Not trying to bag on the man, but evangelicals should place the blame for no-fault divorce on Ronald Reagan. If “we” want to try and maintain any credibility in the public sphere about marriage (when divorce rates among Christians and non-Christians mirror each other), all of us, or specifically people in the evangelical world that have loud voices should offer a mea culpa for that.
As much as evangelicals/conservatives praise Reagan, no-fault was his baby (pardon the expression).
Though Reagan did sign the bill, it is a bit myopic to center complete blame on him. Was this book not passed by the legislature of California? Did Reagan force the other states to follow suit? Where sad the Christian opposition to this during this period of time?
Yes, Reagan did help make out a reality. At the same time, he did publicly regret signing this bill later in his life. If we are going to lay blame, we also ought to give him credit for his willingness to admit to this grave mistake.
Sorry for typos *book* should be “bill” and *sad* should be “was”
True, I give him props for admitting the problem later in life. He didn’t have to sign the bill though. Just bothers me that it gives so much fodder to the lost in their attempt to further vilify Christianity with more hypocrisy rhetoric.
Oh, c’mon Reagan was the biggest hypocrite of all. He played us like a stradivarius.
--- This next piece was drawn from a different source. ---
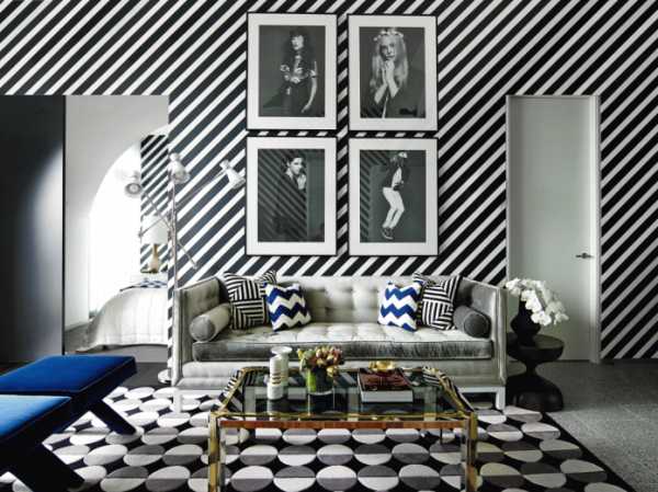 Полосы гармонично сочетаются с флористическими мотивами. Вертикальные хороши в помещениях с невысокими потолками и «вытягивают» помещение вверх. Горизонтальные «удлиняют» стены и рекомендованы для квадратных комнат.

How could he have opposed No Fault divorce as a divorcee himself? We had a chance to choose a true Bible believing, Sunday School teaching Christian and instead we we went with the guy who couldnt even be bothered to go to church. Jerry Falwell said at the time, “we’re not electing a pastor-in-chief”. This is like so many evangelical leaders who also refused to back Huckabee when he first ran.
“when divorce rates among Christians and non-Christians mirror each other’
For what it’s worth, this is somewhat of a myth. Check out Brad Wright’s research.
Yeah that took me by surprise too. There is no Protestant case against contraception. It is a strictly Catholic dogma thing. Trying to create one is reactionary politics: They support gay marriage so we have to oppose contraception. Ummm, not until someone points out that scripture. I havent seen “Thou shall not use contraception” yet.
There are protestants who make that case. They’re pretty fringe. The Duggars are one example. Or anyone in the “Quiverfull” movement, most of whom aren’t Catholic.
The argument is basically that God declares that children are a blessing and it’s wrong to refuse God’s blessing.
The argument flows from the notion that the telos of sex is procreation. Therefore, engaging in sex without procreative intent is a misuse of it. I’m not sure that I agree with that argument entirely. Even so, I have difficulty squaring I Corinthians 7 with our evangelical tendency to construe marriage as a playground for the free expression of heterosexual desire.